The use of cloned and donated human embryos for medical research risks being outlawed in the EU after the European parliament voted against it yesterday.
Ignoring pleas from EU scientists who argue that the research may produce cures for diseases such as Parkinson’s and diabetes, MEPs voted to halt the creation and use of human embryos for stem cell research in all circumstances.
In a vote pitting Catholic conservative deputies from southern Europe against socialists and liberals from the north, including the UK, the parliament decided to slam the door on a technology which centres on the study of genetic diseases and could provide an alternative to animal testing.
The practice, which is legal in the UK but banned in many European countries, allows scientists to create human embryonic stem cells or to use human embryos donated by couples undergoing IVF treatment which would otherwise be destroyed or frozen.
In Britain, Ian Wilmut, the leader of the team which cloned Dolly the sheep, announced last year that he would attempt to clone human embryos and deliberately imbue them with various genetic diseases for research purposes.
Stem cells are harvested from human embryos and are believed to offer the best hope of curing a range of diseases.
But if yesterday’s vote wins backing by EU governments the research would have to be halted.
The parliament must vote on the matter again before EU governments have their say.
The parliament has an equal say in the final decision and can throw out the entire proposal if it does not agree with the final text.
Proponents of stem cell research said that they were furious.
”It flies in the face of logic and human compassion to seriously curtail potentially ground-breaking areas of scientific research,” said David Bowe, a British Labour MEP.
”Regrettably the religious right managed to pass amendments which would make embryonic stem cell research impossible.

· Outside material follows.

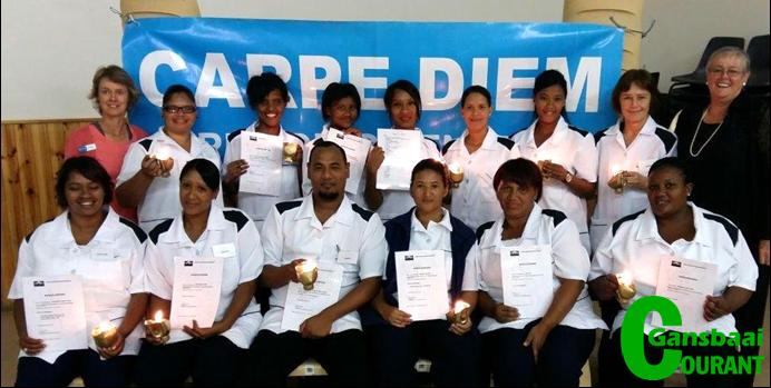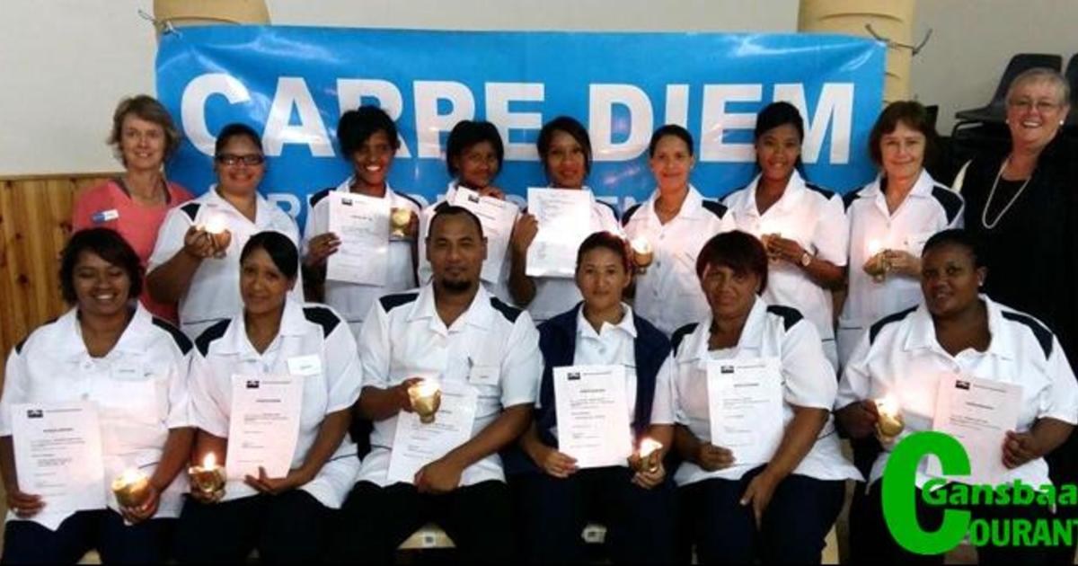 Op die foto ontvang die suksesvolle studente hul sertifikate van Elnette du Toit, area bestuurder van Kansa (links agter). Die studente is voor van links: Preseine Africa (hoogste lof toekenning), Shimonnay Visser, Denzil Ceasar, Natalie Pieterse, Andy Dyk en Aida Letsie. Agter van links: Elnette du Toit (spreker), Yolandie Jansen, Elwida Europa, Sharon Jantjies, Joynaline Marthinnus, Ronelda Barends, Mariégen Swart, Barbara Martins (hoogste lof toekenning) en Iréne de Waal (geregistreerde verpleegkundige en opleier).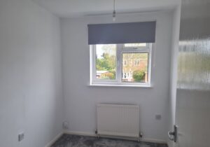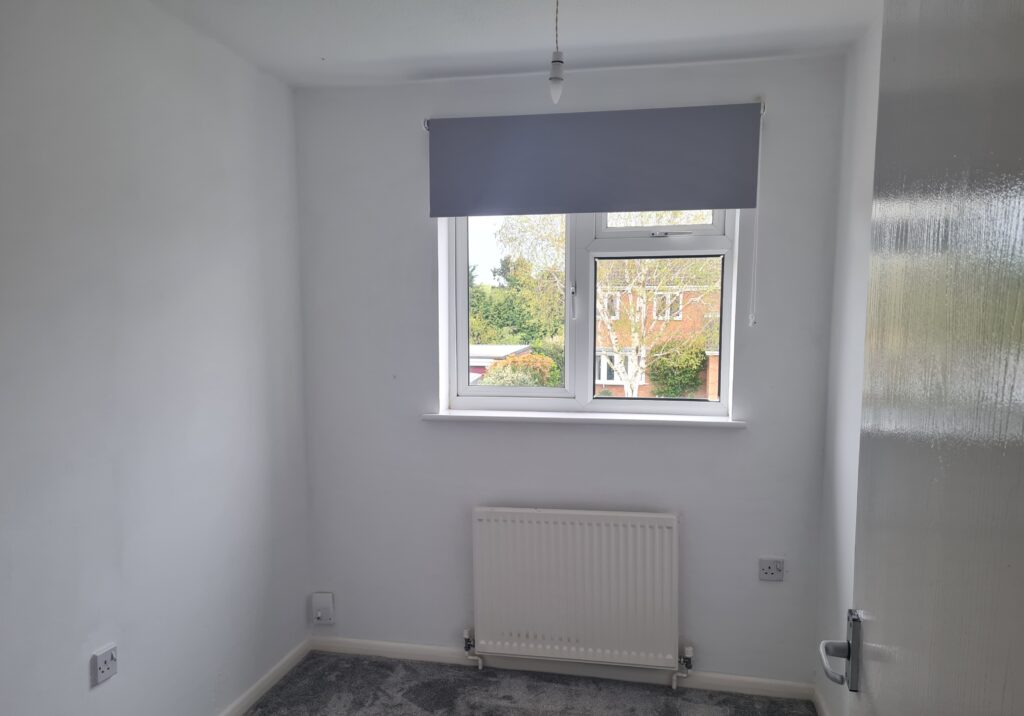 Bedroom 3: Single bedroom located at the front of the property. White walls and new grey carpet. Grey roller blind and TV aerial socket.

It would be an awful signal [if ratified].”
Bowe said the narrow margin of the vote raised the prospect that it could be overturned by the parliament.
MEPs voted on 50 separate amendments and, according to Mr Bowe, the anti-research lobby only managed to muster a lead of between 40 and 60 votes out of 626 MEPs.
The contested piece of legislation was supposed to simply set minimum safety and quality standards for the use of human tissues and cells.
Bowe and others argue that the vote was hijacked by those opposed to therapeutic cloning.
Many MEPs believe that it is unethical to use human embryos for research because they represent the first stages of human life and should be sacred.
”From the moment of the conception you create all the individual characteristics of a person,” said Marialiese Flemming, the Austrian Christian Democrat who tabled the amendments calling for a ban.
The British government said that it would do everything it could to head off a ban.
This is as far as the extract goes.